Once upon a time there was a beautiful woman with long, dark hair and two eyes so big that watching them you could even get into her soul. Her smile was a breeze that reached the heart, her soft hands caressed in a so sublime way and she used to feed her lips, kissing me. Her scent pervaded the whole house and her lullabies continued to rock my dreams until morning. It was nice to be with her; together we saw the sun rise and enjoyed the day until the night came, always close each other. The meals, the chants, the smell of her milk, the tales that she told about a world far away, that by her words became close and real to my eyes. It was rousing discovering that the Universe, through her eyes, was a bright horizon where all our wishes could have been realized. An endless succession of fairies and gnomes that seemed to materialize, making us part of their infallible magic. And the beautiful woman turned her happy gaze to me and to my harmonious growth.

All this festivity going in and out of the countless enchanted castles stopped the day when an evil witch made me see the beautiful woman, even before dawn, ready to go out wearing a grey apron with her long hair gathered in a white cap.

“Where are you going?” I could hardly say, trying to speak my first syllables, a question that she realized just by my infant glance.

How beautiful was that woman, even wearing an apron that mortified her figure and a cap that hid her thick hair! She smiled at me, and her smile was less vibrant than the ones I was used to, it was almost sad.

“You’re grown up, I’m going back to work at the factory, our neighbor will soon come here to stay with you.” She gave me a quick kiss on my forehead that had become pale and light. Alone, she was leaving me alone, no more spells to be created! I tried so hard to recall my fairy friends, asking them to realize the only desire I felt growing out of me, which was to have her close to me once again.

The enchanted castles had collapsed under the blows of that one fact: she had to go to work, even if I wasn’t grown up, didn’t speak yet and couldn’t even feed myself. And she had to do that just to give me a life.

So, day after day every morning, without mercy, and before dawn, she had to leave the warmth of our bed and, even if it was raining or snowing or thundering strong, she had to go. In her eyes without a future you could see the tears that would never fall. I feared that she wouldn’t return to heat up my nights.
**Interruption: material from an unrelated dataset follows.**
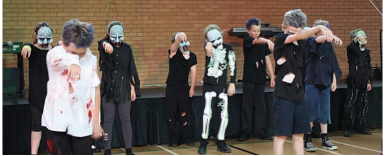
'Thriller' performed by Years 5 and 6

“When will you come back?”

A furtive glance, no longer smiling:

“Soon, very soon!” But it was never soon; in fact, at times, it was even later. There was a crisis and she had to work harder not to lose everything we owned. When she was with me it was always night, and no longer did I see the sun’s rays filter through her hair which was now shorter and sparser. Her soft and radiant skin, as I remembered, was withering more every day and her eyes were no more immense.

At night she was able to sing only a verse of my lullabies because she was too tired. Her scent was gone and out of the skin of her hands, now rough and battered, you could guess only the terrible stench of trichloroethylene.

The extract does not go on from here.